[Elasticsearch] Create documentation and all means to update index mapping with zero downtime
It is often needed to update index mapping when we need to improve search, fix some bug, add new field, add new analizer or whatever. For relatively small instances it can be done by simply removing the index and creating new one. But it's acceptable if indexing can be performed in few minutes or if you don't have high availability requirement. For those who should do it with no downtime we have to prepare documentation on how to do it. It is also needed to prepare pipeline example for Logstash.

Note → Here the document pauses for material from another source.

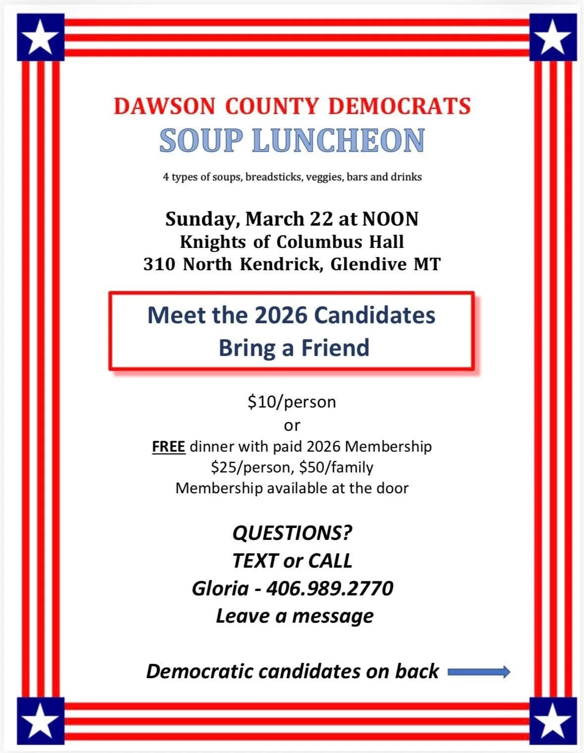 We also welcome Democrats from neighboring Pondera, Toole, and Glacier Counties, making this a fantastic occasion to network and engage with supporters and fellow candidates from the wider area.
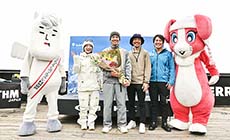 トークショーは白馬が誇るオリンピアン、ノルディック複合の渡部暁斗さん、弟の渡部善斗選手、フリースタイル・モーグルの上村愛子さんをゲストに迎え、丸山俊郎村長も出演した。

The common practice is to use next strategy:
- Update the application
- Create new empty index with new mapping
- Use Logstash to copy all data from old index to new one (it's much faster then reading data from database/repository again). Copying should be performed until some date(by date condition), since new data is continue to go to the old index. We need to use Scroll API and bulk import here to make it fast. All this stuff can be configured in Logstash.
- Remove old index, create an alias to new one. From this point GitLab will work with new index.
- Run indexing again for date starting from last reindexing run (to not lose the data).
One more alternative is to temporary disable elastic search, prepare new index with either GitLab rake tasks or Logtash and enable it again.
cc @dzaporozhets @jacobvosmaer @jnijhof @DouweM
@sytses Not sure if should I mention you in such issues....